Task objective:
Beginning with the first line, return the material verbatim and without pictures.

Given information:
▬▬▬

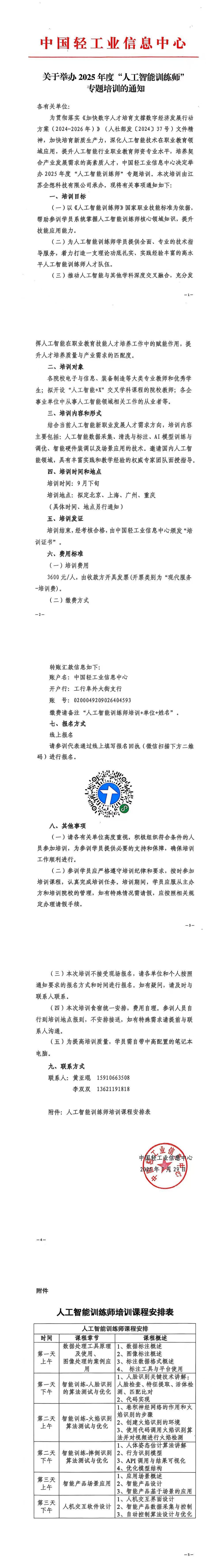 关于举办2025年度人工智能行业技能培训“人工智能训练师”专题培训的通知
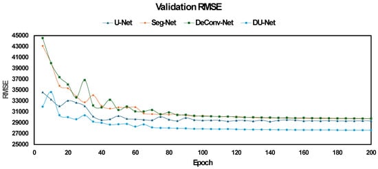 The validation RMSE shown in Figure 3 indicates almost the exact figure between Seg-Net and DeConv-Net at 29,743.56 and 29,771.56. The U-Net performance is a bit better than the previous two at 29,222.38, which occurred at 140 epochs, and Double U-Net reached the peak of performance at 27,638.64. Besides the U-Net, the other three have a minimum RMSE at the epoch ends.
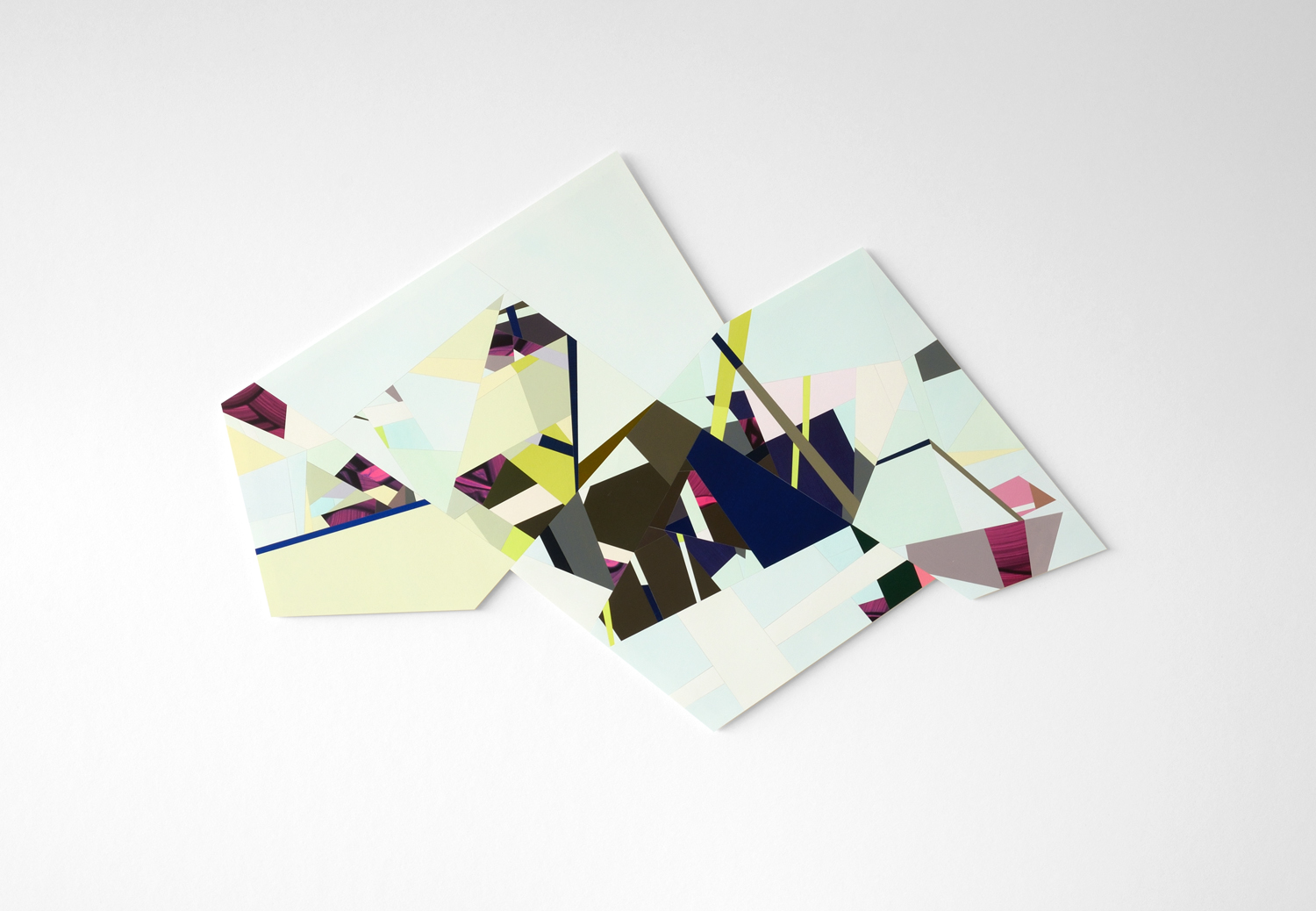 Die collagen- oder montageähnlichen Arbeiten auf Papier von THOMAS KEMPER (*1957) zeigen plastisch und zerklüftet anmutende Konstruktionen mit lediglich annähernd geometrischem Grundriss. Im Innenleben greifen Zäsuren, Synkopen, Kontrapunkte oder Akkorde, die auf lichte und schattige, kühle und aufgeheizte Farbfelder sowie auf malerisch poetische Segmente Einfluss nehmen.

▬▬▬

Answer:
 关于举办2025年度人工智能行业技能培训“人工智能训练师”专题培训的通知
 The validation RMSE shown in Figure 3 indicates almost the exact figure between Seg-Net and DeConv-Net at 29,743.56 and 29,771.56. The U-Net performance is a bit better than the previous two at 29,222.38, which occurred at 140 epochs, and Double U-Net reached the peak of performance at 27,638.64. Besides the U-Net, the other three have a minimum RMSE at the epoch ends.
 Die collagen- oder montageähnlichen Arbeiten auf Papier von THOMAS KEMPER (*1957) zeigen plastisch und zerklüftet anmutende Konstruktionen mit lediglich annähernd geometrischem Grundriss. Im Innenleben greifen Zäsuren, Synkopen, Kontrapunkte oder Akkorde, die auf lichte und schattige, kühle und aufgeheizte Farbfelder sowie auf malerisch poetische Segmente Einfluss nehmen.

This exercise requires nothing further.